Pourtant, au service « animation » d’Eyguières, on trouve une certaine Marie Ansaldi : « Mon ex-femme. Je ne sais dans quelles conditions elle a été embauchée. » Le directeur d’Entraide a aussi pour adjoint Daniel Dubois. Ancien directeur général des services à Gréoux-les-Bains – une mairie agitée depuis des années par une affaire de « harcèlement » – celui-ci ne semble pas sans lien avec Eyguières, le responsable du service des sports et des associations s’appelant Gwenaël Dubois. « Je ne connais pas la vie personnelle de mon adjoint, répond Ansaldi. Je ne sais même pas s’il a des enfants. »
Nonagénaire en souffrance
Le monde est néanmoins petit. C’est dans une maison de retraite d’Entraide qu’était hébergée jusqu’à peu la belle-mère de l’ancien maire d’Eyguières, Joël Sylvestre. Or, pour cette dame de 90 ans, avec la pandémie et le confinement, le séjour au Clos St-Martin à Pélissanne n’a pas été de tout repos : changement de chambre après qu’elle ait attrapé le Covid, difficultés pour sa famille à lui rendre visite…
Pourtant, sur son site, le groupe promet : « Notre mission est de prendre soin des personnes âgées et de leur offrir un accueil de qualité, un cadre de vie confortable et sécurisant, un accompagnement tenant compte de leurs attentes et besoins et des activités permettant de maintenir une vie sociale. » Mais, au vu des documents consultés par le Ravi, la situation s’est rapidement envenimée. Au point que la nonagénaire a dû changer d’établissement.
Un cas isolé ? À voir. Car, en décembre, une petite vingtaine de familles ont signé une pétition demandant de « réorganiser les visites sur rendez-vous » et de « déconfiner les résidents » : « Nos parents sont prisonniers de votre gestion de la crise, ils sont en grande souffrance et nous aussi. » Un dossier suivi par l’Agence régionale de la santé, le Département, l’inspection du travail ayant elle aussi été alertée. De son côté, la famille de la nonagénaire vient de saisir le Défenseur des droits, Joël Sylvestre se demandant si sa casquette d’ancien maire – dont les relations avec celui qui lui a succédé en 2008 sont plutôt fraîches – n’a pas joué dans le traitement réservé à sa belle-mère.
Ce que nie Ansaldi : « Je ne le connais pas et ne l’ai rencontré qu’une fois ! Maire, ex-maire, peu importe, ce qui compte, c’est le bien-être des résidents, des familles, des salariés. » Reste qu’entre la famille de la nonagénaire et le personnel, cela a été jusqu’au dépôt de plainte ! « J’aurais pu suspendre toute visite. Mais, à cette solution, j’ai préféré m’en charger en m’occupant des visites, se défend Ansaldi. Moi-même, cela fait plus d’un an que je n’ai pas vu mes parents. C’est une période difficile pour tout le monde. » D’ailleurs, les magistrats de la Chambre régionale participent à l’enquête de la Cour des comptes sur les Ephad, le Défenseur des droits venant de rendre son rapport sur la situation dans les maisons de retraite pendant la crise sanitaire.

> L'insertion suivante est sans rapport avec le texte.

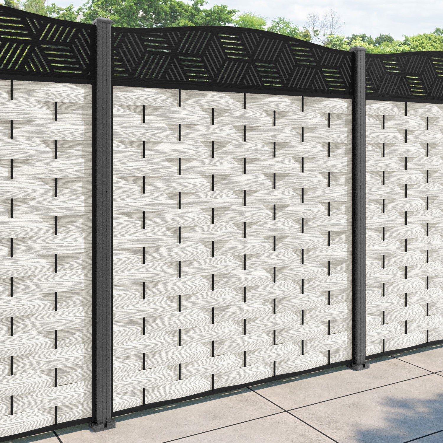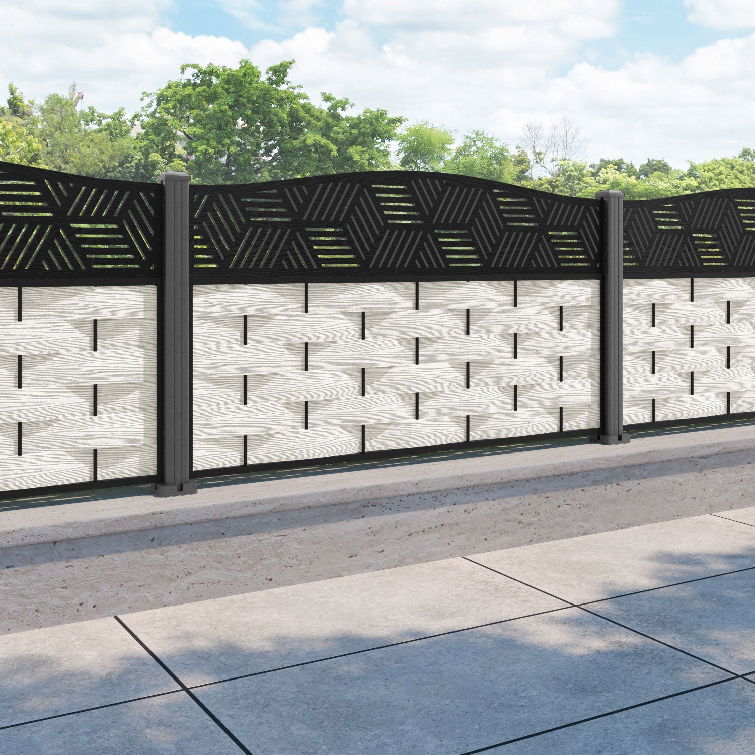Ripple Cubed Curved Top Fence Panel - Light Stone - with our aluminium posts

Sur cette thématique, Ansaldi loue le bilan de son ex-patronne, Martine Vassal : « Vous allez dire que je suis de parti pris. Mais on n’est absolument pas un sous-traitant du Département. » C’est toutefois dans le cadre d’un appel d’offre du CD 13 qu’il vient de déposer un permis de construire pour une « résidence autonomie d’hébergement non médicalisée pour personnes âgées » à… Eyguières ! L’occasion peut-être de faire connaissance avec Henri Pons. Qui, pour faciliter la vaccination des anciens, a mis en place un minibus. À Eyguières, on a le sens de l’entraide !
N. B. Le maire d’Eyguières n’a pas donné suite à notre demande d’interview.